++++ The records

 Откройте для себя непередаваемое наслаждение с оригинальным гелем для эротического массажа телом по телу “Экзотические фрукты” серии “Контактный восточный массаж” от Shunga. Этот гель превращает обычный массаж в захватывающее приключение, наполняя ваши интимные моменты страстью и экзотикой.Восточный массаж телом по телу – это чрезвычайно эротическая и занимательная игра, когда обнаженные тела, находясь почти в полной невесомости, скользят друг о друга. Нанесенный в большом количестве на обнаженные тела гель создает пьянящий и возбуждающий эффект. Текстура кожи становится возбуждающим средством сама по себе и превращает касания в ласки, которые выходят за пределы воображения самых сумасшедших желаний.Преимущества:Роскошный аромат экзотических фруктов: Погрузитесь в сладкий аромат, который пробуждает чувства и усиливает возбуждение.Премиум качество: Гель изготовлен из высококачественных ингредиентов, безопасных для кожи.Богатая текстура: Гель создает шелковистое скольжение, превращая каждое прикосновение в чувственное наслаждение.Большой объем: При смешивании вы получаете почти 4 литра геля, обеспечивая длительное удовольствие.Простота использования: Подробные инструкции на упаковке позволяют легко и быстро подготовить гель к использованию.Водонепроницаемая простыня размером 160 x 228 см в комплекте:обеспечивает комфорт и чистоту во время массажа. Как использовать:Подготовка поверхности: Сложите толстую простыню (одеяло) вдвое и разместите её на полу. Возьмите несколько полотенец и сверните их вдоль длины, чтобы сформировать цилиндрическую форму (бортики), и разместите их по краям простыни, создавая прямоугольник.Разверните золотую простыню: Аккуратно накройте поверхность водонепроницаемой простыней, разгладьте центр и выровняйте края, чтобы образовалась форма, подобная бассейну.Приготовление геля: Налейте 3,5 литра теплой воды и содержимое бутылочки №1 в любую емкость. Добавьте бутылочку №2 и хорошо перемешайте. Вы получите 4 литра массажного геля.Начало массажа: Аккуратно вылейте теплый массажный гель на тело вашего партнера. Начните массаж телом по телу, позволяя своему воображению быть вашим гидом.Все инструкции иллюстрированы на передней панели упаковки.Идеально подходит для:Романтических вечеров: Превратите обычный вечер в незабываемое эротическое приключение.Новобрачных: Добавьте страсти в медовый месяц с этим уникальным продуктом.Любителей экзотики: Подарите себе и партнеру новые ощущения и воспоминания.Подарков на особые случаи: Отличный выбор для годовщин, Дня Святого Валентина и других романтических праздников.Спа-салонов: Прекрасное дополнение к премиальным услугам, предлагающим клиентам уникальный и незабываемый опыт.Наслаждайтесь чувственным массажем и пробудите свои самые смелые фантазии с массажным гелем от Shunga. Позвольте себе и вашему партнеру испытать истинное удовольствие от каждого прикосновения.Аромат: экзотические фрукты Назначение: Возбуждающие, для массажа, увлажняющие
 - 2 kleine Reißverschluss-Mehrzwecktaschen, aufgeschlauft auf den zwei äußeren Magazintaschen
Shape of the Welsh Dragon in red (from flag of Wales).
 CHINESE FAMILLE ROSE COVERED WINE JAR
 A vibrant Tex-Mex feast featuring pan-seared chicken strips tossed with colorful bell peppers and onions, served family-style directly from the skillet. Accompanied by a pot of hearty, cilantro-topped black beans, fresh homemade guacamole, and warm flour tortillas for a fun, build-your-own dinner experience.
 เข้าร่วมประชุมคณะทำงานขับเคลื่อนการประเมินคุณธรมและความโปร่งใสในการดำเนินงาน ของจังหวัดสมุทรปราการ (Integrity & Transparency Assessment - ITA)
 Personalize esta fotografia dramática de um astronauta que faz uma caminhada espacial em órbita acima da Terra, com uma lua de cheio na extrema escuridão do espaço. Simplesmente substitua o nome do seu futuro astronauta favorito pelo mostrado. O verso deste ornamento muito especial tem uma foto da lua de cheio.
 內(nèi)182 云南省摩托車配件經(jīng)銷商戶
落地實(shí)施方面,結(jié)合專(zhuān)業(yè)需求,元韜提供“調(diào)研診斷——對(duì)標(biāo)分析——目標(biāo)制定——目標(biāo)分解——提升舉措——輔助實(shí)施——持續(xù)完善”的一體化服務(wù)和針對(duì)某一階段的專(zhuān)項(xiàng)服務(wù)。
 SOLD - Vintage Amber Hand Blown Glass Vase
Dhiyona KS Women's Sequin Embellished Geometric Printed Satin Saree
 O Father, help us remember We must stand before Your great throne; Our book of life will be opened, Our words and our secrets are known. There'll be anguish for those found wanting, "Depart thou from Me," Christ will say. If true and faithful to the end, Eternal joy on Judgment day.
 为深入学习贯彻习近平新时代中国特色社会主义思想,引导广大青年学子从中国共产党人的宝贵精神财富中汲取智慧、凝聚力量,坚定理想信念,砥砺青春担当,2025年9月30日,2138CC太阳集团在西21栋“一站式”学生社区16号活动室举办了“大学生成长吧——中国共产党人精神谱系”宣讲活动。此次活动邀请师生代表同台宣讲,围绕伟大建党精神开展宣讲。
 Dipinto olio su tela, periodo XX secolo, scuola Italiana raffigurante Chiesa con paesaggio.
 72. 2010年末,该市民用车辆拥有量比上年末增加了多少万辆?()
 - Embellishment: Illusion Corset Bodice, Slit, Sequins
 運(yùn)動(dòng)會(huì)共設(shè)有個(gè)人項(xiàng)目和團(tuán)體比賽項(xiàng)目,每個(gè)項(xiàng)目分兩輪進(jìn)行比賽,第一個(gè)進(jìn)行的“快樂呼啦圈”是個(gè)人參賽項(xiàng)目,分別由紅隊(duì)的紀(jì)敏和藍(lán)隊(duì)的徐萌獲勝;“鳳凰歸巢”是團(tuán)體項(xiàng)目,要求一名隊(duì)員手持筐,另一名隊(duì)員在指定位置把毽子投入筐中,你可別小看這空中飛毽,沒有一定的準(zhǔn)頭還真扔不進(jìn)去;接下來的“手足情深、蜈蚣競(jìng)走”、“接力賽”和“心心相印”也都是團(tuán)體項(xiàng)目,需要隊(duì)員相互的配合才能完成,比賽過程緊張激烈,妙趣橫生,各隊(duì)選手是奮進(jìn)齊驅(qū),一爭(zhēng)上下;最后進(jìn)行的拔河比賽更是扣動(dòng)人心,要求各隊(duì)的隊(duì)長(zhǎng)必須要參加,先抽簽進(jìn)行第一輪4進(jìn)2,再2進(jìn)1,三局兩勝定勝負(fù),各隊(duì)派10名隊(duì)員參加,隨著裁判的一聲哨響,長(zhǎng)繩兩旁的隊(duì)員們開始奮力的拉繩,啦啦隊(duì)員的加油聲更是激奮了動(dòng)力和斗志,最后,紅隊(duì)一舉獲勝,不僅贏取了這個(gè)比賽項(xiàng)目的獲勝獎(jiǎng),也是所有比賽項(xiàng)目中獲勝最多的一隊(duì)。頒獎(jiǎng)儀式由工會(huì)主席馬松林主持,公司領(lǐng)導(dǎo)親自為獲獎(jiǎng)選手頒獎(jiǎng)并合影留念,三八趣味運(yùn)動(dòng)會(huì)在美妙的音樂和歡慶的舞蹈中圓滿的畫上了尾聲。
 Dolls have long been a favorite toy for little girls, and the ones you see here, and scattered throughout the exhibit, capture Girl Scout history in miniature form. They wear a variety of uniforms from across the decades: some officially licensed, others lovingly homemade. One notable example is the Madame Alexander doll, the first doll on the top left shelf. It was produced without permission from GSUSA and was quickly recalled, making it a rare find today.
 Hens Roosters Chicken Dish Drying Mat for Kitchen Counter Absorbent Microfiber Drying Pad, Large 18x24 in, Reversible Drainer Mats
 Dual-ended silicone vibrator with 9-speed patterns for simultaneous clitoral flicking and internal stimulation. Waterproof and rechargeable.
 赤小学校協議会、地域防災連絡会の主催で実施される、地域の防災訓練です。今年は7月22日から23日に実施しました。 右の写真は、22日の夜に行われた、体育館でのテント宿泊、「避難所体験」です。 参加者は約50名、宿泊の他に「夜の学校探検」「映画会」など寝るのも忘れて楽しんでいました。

++++++++

Try it> When you reach the line with "SOLD - Vintage Amber Hand Blown Glass Vase" in the records above, start writing out lines exactly, and stop once the line with "O Father, help" has been written; include nothing else.

Output for this exercise>
 SOLD - Vintage Amber Hand Blown Glass Vase
Dhiyona KS Women's Sequin Embellished Geometric Printed Satin Saree
 O Father, help us remember We must stand before Your great throne; Our book of life will be opened, Our words and our secrets are known. There'll be anguish for those found wanting, "Depart thou from Me," Christ will say. If true and faithful to the end, Eternal joy on Judgment day.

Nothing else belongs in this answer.